Gentle on his mind
Celebrated YA author explores teen sexuality while paying homage to Virginia Woolf.
If you didn’t know better, you could be forgiven for thinking the author’s name is the title of this gently unfolding day in the life of Adam, the gay second son of a Pentecostal pastor, set in small-town America. This is what happens when you’re a bestselling, multiple award-winning author.
The title itself, Release, is barely discernible on the graphically simple cover – an embossed sheen imprinted on the deep jade silhouette of a boy heading into a forest. Yet it encapsulates the theme that runs through the book’s pages as clearly as the path that cleaves twin profiles on the visually stunning dust jacket of Patrick Ness’s new novel.
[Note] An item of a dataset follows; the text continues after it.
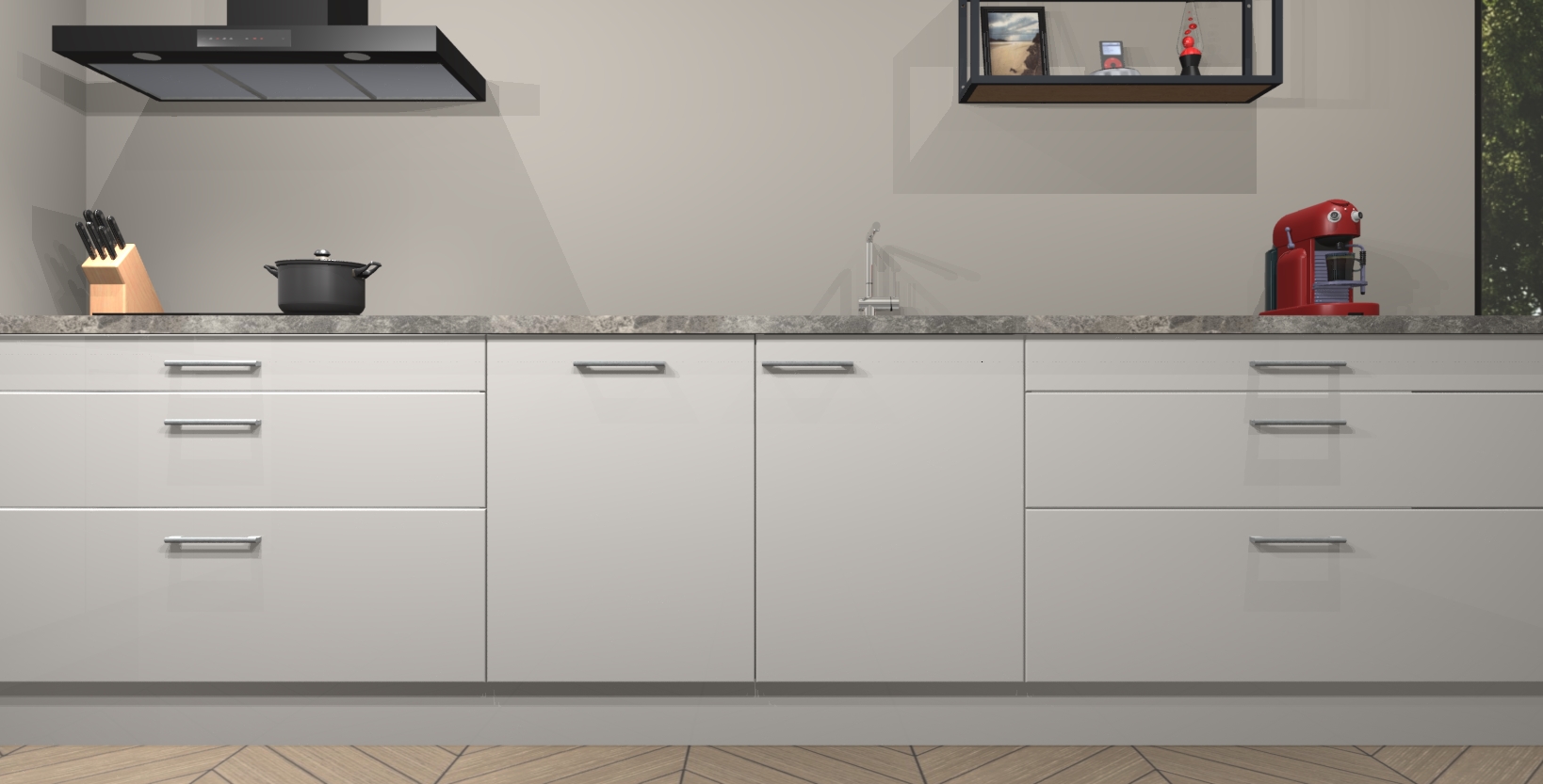 De softclose deuren openen en sluiten is ook heel eenvoudig - geniet van een moeiteloze keukenervaring, zelfs als er kinderen rondlopen. Voor extra gemak bij het plaatsen van uw bestelling bieden we ook een upgrade naar een kookplaat met geïntegreerde afzuiging.

The idea of letting go binds the interlaced stories of Adam – plus his bestie Angela, his former and current boyfriends, and his fundamentalist family – with the spirit of Katherine, a recently murdered teen druggie, the story of whose demise alternates with episodes from Adam’s (very busy) day.
Everything in this book is loaded with significance, from the first line, which sets up a resonance with Virginia Woolf’s Mrs
Dalloway – “Adam would have to get the flowers himself” – to chance sightings of goats and fires, and a baptismal font.
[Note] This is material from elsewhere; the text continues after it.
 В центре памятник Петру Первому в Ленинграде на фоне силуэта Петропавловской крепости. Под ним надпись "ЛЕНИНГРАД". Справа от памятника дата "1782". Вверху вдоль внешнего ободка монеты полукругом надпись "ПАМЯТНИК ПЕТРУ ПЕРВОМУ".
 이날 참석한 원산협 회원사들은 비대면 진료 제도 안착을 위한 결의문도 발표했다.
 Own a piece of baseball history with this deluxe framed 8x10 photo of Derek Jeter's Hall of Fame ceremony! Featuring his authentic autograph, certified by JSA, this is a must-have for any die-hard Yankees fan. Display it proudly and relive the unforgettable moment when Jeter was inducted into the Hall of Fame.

The alternative story is complicated by Katie’s possession by the queen of a parallel world – she has just one day to find release from this earthly spirit – and her protector, a faun who mops up after the royal one as she sears her way through the route taken by the girl and the meth head who dragged her not-yet-dead body, weighted down with bricks in her pockets (yes, Virginia!) into the town’s lake. Complicated? Maybe, but this is not a difficult book – though it richly repays rereading.
Release is exquisitely crafted, elegantly written and, at times, very funny. Ness sends up small-town life – much as he did in The Rest of Us Just Live Here – with witty asides about religion, law enforcement, the ubiquity of guns and the fumblings of teen sex – of which there is plenty, all gay and infinitely tender.
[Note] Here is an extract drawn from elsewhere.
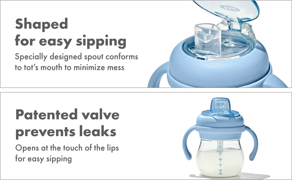 - Silicone spout is spill-proof and conforms to baby’s mouth

Even Adam’s lifelong friendship with Angela, the Korean-born adopted daughter of a Dutch mother, is under threat. Having sustained them both throughout the days of their fairly ordinary lives – “All the stuff that counted. All the stuff that made the cement that stuck them together” – they may just have to let that go too.
Time to reread Mrs
Dalloway.
Ness sends up small-town life with asides about religion, law enforcement, the ubiquity of guns and the fumblings of teen sex.